CacheDir = /tmp/pacman_cache

Notice that the directory /tmp/pacman_cache does not exist yet, and even if you were to create it, it would not survive a reboot. Pacman will therefore emit a warning:

warning: no /tmp/pacman_cache/ cache exists, creating...

and create the directory for you. You can safely ignore this warning. Alternatively, if you prefer not to have pacman emit this warning, you might consider adapting your /etc/fstab to create a second tmpfs on /var/cache/pacman/pkg.

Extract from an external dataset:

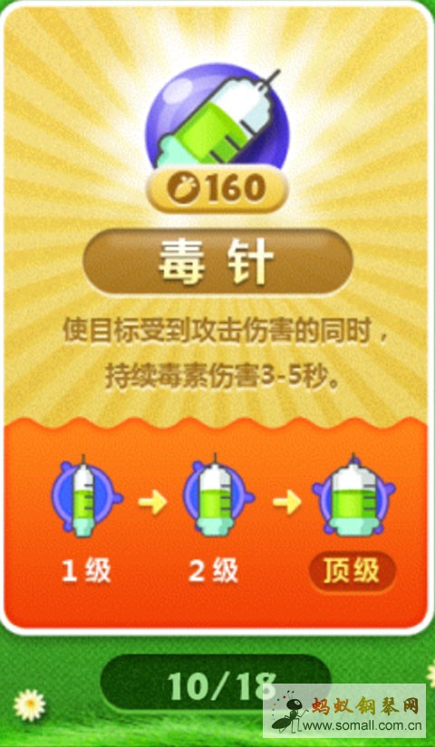 特殊的单体伤害炮塔,特殊属性是持续伤害,在道路较长的地图中较有优势,道路短就基本没用了。因其攻击范围较小,放在边角处可以产生不完美的群伤效果(飞行怪有时能躲过),主要用来清道具及辅助输出。(冬季的第1关几乎就是对毒针进阶用法的教学。)

Cleaning the package cache

paccache from pacman-contrib can be used to purge old packages. Install it if you haven't done so already:

sudo pacman -S pacman-contrib

Packages are stored in the directory specified by the cache_directory variable in /etc/cpcache/cpcache.toml. By default, it's /var/cache/cpcache. Use paccache to clean up the subdirectories of this directory. For instance, the following will delete all packages except for the three most recent versions:

for cache_dir in /var/cache/cpcache/pkg/*/os/x86_64/; do
  paccache -r -k3 -c $cache_dir
done

Build

Using the PKGBUILD from AUR is probably the easiest way to get cpcache up and running. But If you want to build cpcache on your own machine, you can do so by either using Docker, or by installing Elixir and running cpcache with Elixir's build tool, mix.

Docker

Build the image and start the container with:

docker-compose up

Notice that all downloaded files will then be stored inside the container, so if you're using Docker for more than just testing purposes, consider running the docker container with bind-mounts or volumes.

Mix

Install the following requirements first:

# pacman -S git elixir sudo

Set up the cpcache user with all required directories and permissions:

# useradd -r -s /bin/bash -m -d /var/lib/cpcache cpcache
# mkdir -p /var/cache/cpcache/pkg/{community,community-staging,community-testing,core,extra,gnome-unstable,kde-unstable,multilib,multilib-testing,staging,testing}/os/x86_64
# mkdir -p /var/cache/cpcache/state
# mkdir /etc/cpcache
# chown -R cpcache:cpcache "/var/cache/cpcache"

Clone the repository and fetch all dependencies:

# sudo -u cpcache -i
$ git clone https://github.com/nroi/cpcache
$ mix local.hex --force
$ mix local.rebar --force
$ cd cpcache
$ mix deps.get

cpcache requires a config file in /etc/cpcache:

# cp /var/lib/cpcache/cpcache/conf/cpcache.toml  /etc/cpcache/

Finally, you can run cpcache as its own user (i.e., run sudo -u cpcache -i before running this command):

$ iex -S mix

Supported Platforms

cpcache runs on all platforms supported by Erlang, which includes x86_64 and most ARM platforms. This also means that cpcache does run on a Raspberry Pi. Only x86_64 clients are supported by cpcache, which means that while cpcache can be installed on an ARM device, it cannot serve files to clients which run anything other than the official Arch Linux distribution.

FAQ

How does cpcache select the remote mirrors to download from?

After each start, cpcache fetches an up-to-date mirrorlist from https://www.archlinux.org/mirrors/status/json/. It then filters the mirrors according to the criteria given in the /etc/cpcache/cpcache.toml configuration file. This should exclude mirrors that are outdated or very unreliable. For all mirrors that match those criteria, it runs a few latency tests and selects a mirror with good latency. The process is described in greater detail in the configuration file.

If cpcache happens to select a mirror that turns out to be slow or unreliable, you might want to checkout the mirrors_predefined and mirrors_blacklist option in the configuration file. But this is just a workaround, if cpcache selects crappy mirrors, I consider this a bug and will appreciate it if you open an issue.